AI API Pricing Comparison 2026: 73 Models Ranked

I wrote this with the pricing table open, not as a generic AI-tools list. The useful question is simple: where does this choice change the bill, the cap, or the model-routing decision?

We track token pricing across every major AI API provider, updated daily. Here’s the complete comparison for May 2026, covering 73 active models from 11 providers (89 total including legacy releases).

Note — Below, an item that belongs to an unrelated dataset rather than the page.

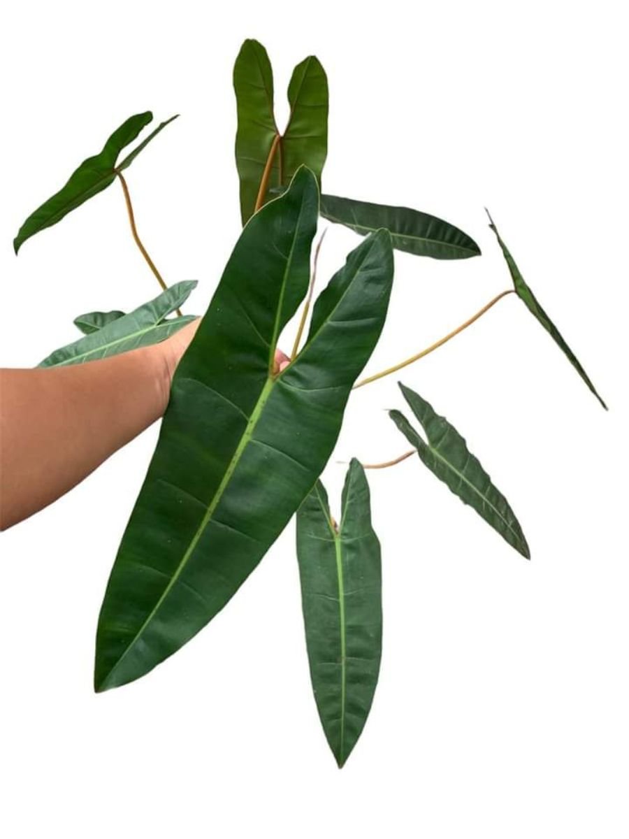 Philodendron Orange Billietiae is a rare ornamental plant distinguished by elongated green leaves and vibrant orange petioles, prized for its bold structure and striking tropical appearance.

2026 Price Trends: AI APIs Are 60-80% Cheaper Than 2025

The average cost per million tokens has dropped 60-80% since early 2025. Key milestones:

DeepSeek unified pricing at $0.28/M input, 90% below OpenAI
Google launched Gemini 3.1 Flash-Lite at $0.25/M, competing with open-source hosts
OpenAI released GPT-4.1 nano at $0.10/M, their cheapest model ever
Anthropic cut Opus pricing from $15/M (Opus 4.1) to $5/M in the current Opus 4.x line, a 67% reduction

Complete Pricing Table: Cheapest to Most Expensive

Budget Tier (Under $0.50/M Input)

Model	Provider	Input/1M	Output/1M
DeepSeek V3.2 (cached)	DeepSeek	$0.028	$0.42
GPT-4.1 nano	OpenAI	$0.10	$0.40
Gemini 3.1 Flash-Lite	Google	$0.25	$1.50
Gemini 2.5 Flash	Google	$0.30	$2.50
Mistral Small	Mistral	$0.10	$0.30
Groq Llama 4 Scout	Groq	$0.11	$0.34
GPT-4o mini	OpenAI	$0.15	$0.60
Llama 4 Scout	Meta	$0.15	$0.15
Jamba 2 Mini	AI21	$0.20	$0.40
Llama 4 Maverick	Meta	$0.20	$0.20
GPT-5.4 nano	OpenAI	$0.20	$1.25
Groq Llama 4 Maverick	Groq	$0.20	$0.60
Grok 4.1 Fast	xAI	$0.20	$0.50
Fireworks Llama 4 Maverick	Fireworks	$0.22	$0.88
Fireworks DeepSeek V3	Fireworks	$0.22	$0.88
Claude Haiku 3	Anthropic	$0.25	$1.25
Gemini 3.1 Flash-Lite	Google	$0.25	$1.50
DeepSeek V3.2 Chat	DeepSeek	$0.28	$0.42
Together Llama 4 Maverick	Together	$0.30	$0.90
Together DeepSeek V3	Together	$0.30	$0.90
Gemini 2.5 Flash	Google	$0.30	$2.50
Codestral	Mistral	$0.30	$0.90
GPT-4.1 mini	OpenAI	$0.40	$1.60

This is the sweet spot for high-volume applications. You can process millions of tokens for under $1.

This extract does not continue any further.